> [ENTRIES SUPPLIED]
================
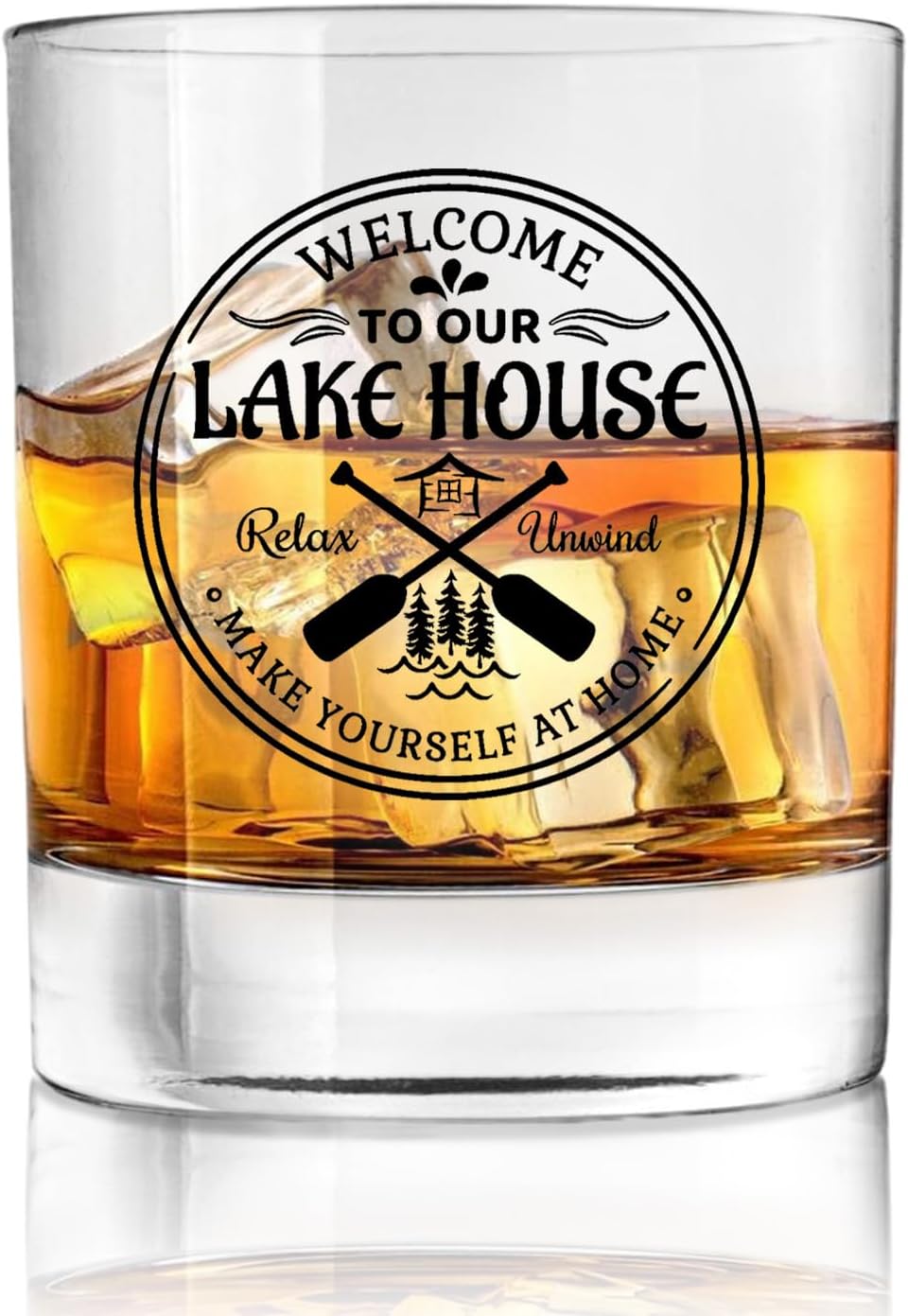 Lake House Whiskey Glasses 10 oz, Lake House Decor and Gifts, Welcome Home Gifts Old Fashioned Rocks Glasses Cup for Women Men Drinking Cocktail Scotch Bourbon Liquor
================
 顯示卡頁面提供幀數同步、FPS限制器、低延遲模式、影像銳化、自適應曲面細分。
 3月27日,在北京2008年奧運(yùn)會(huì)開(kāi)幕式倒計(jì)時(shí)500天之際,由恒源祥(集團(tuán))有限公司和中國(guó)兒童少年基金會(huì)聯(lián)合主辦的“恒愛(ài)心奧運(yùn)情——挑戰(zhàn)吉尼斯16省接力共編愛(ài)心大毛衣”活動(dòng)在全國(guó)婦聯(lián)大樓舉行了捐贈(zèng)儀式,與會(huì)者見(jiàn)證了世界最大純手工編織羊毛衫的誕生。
================
The reply should consist solely of the lines above from the one that has "顯示卡頁面提供幀數同步、FPS限制器、低延遲模式、影像銳化、自適應曲面細分。" through the one that has "3月27日,在北京2008年", reproduced exactly.

> [SOLUTION TO THE EXERCISE]
 顯示卡頁面提供幀數同步、FPS限制器、低延遲模式、影像銳化、自適應曲面細分。
 3月27日,在北京2008年奧運(yùn)會(huì)開(kāi)幕式倒計(jì)時(shí)500天之際,由恒源祥(集團(tuán))有限公司和中國(guó)兒童少年基金會(huì)聯(lián)合主辦的“恒愛(ài)心奧運(yùn)情——挑戰(zhàn)吉尼斯16省接力共編愛(ài)心大毛衣”活動(dòng)在全國(guó)婦聯(lián)大樓舉行了捐贈(zèng)儀式,與會(huì)者見(jiàn)證了世界最大純手工編織羊毛衫的誕生。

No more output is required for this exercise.